[EXCERPTED DATA Boundary: Start]
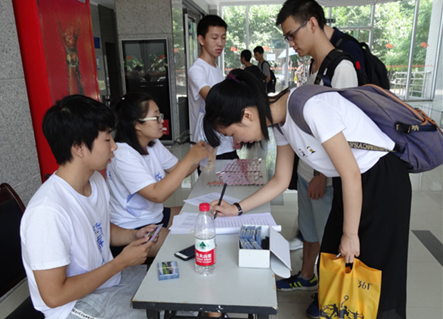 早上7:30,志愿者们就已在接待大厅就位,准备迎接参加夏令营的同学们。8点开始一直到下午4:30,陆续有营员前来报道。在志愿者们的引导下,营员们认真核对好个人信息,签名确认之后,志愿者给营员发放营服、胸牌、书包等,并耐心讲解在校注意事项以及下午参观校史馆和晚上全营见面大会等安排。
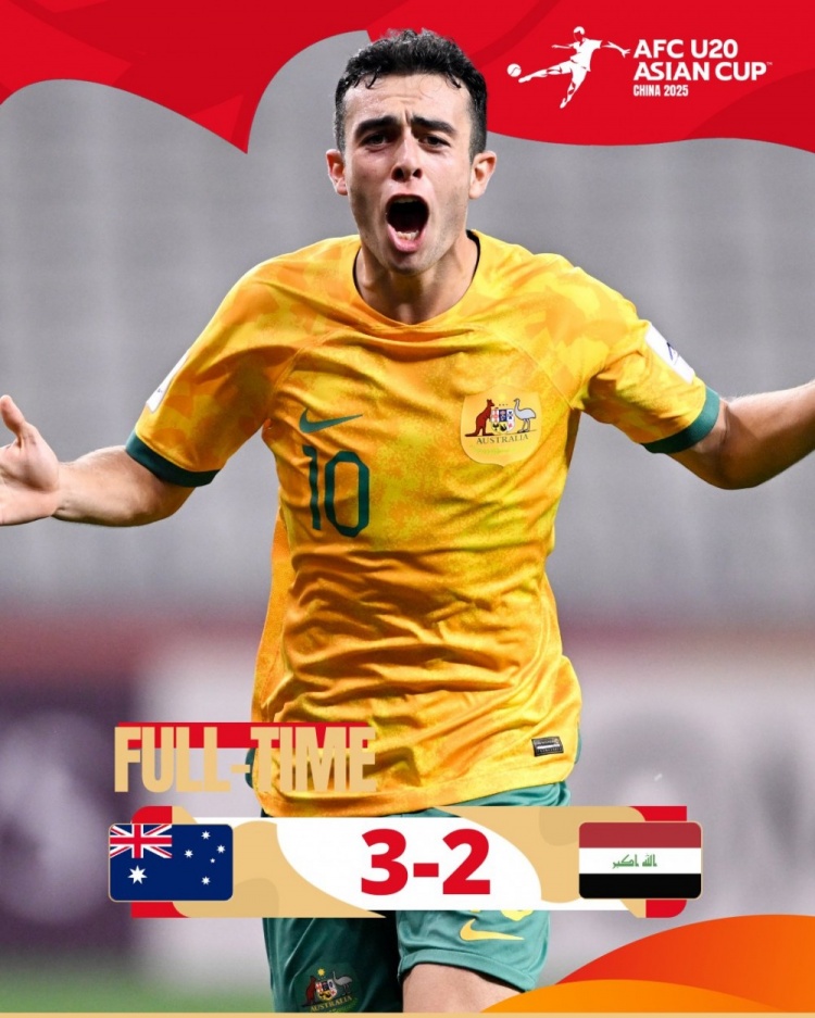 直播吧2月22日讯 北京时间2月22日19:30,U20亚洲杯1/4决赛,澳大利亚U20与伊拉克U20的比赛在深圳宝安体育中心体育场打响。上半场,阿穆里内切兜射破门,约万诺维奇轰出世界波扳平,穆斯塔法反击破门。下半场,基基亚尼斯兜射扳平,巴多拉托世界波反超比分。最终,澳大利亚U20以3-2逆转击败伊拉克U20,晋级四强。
[EXCERPTED DATA Boundary: End]
[EXCERPTED DATA Boundary: Start]
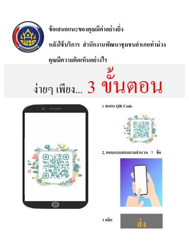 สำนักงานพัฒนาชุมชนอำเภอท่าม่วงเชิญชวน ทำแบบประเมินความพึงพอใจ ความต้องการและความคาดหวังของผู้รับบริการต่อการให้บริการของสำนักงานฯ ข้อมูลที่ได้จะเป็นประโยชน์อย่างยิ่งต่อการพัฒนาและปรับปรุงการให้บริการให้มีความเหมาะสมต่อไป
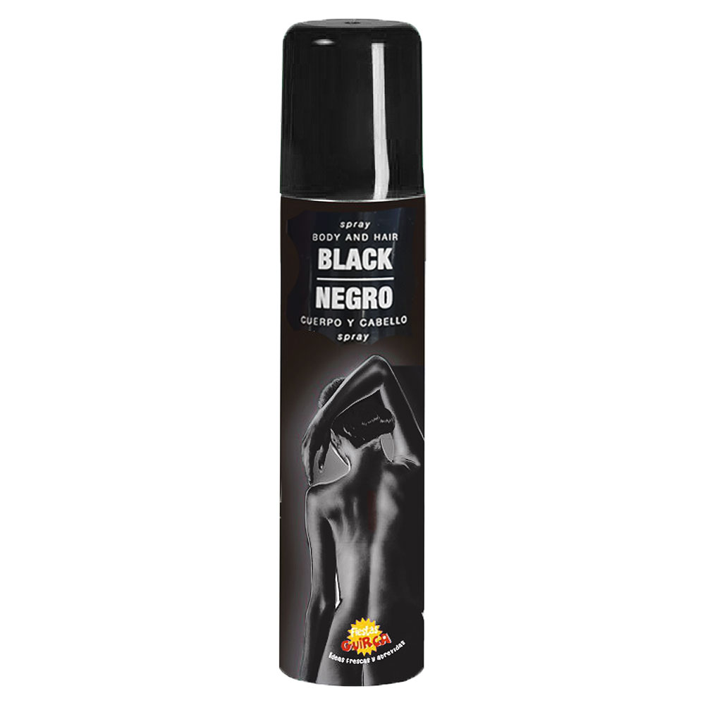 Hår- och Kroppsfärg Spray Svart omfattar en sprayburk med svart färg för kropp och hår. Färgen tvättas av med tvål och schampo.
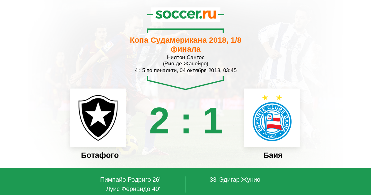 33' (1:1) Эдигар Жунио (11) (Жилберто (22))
[EXCERPTED DATA Boundary: End]
▸ TASK OBJECTIVE
Output exactly the lines of the listing above that start with the one holding "Hår- och Kroppsfärg" and go on through the one holding "33' (1:1) Эдигар Жунио (11) (Жилберто (22))"; leave the pictures out.

▸ SOLUTION TO THIS TASK
 Hår- och Kroppsfärg Spray Svart omfattar en sprayburk med svart färg för kropp och hår. Färgen tvättas av med tvål och schampo.
 33' (1:1) Эдигар Жунио (11) (Жилберто (22))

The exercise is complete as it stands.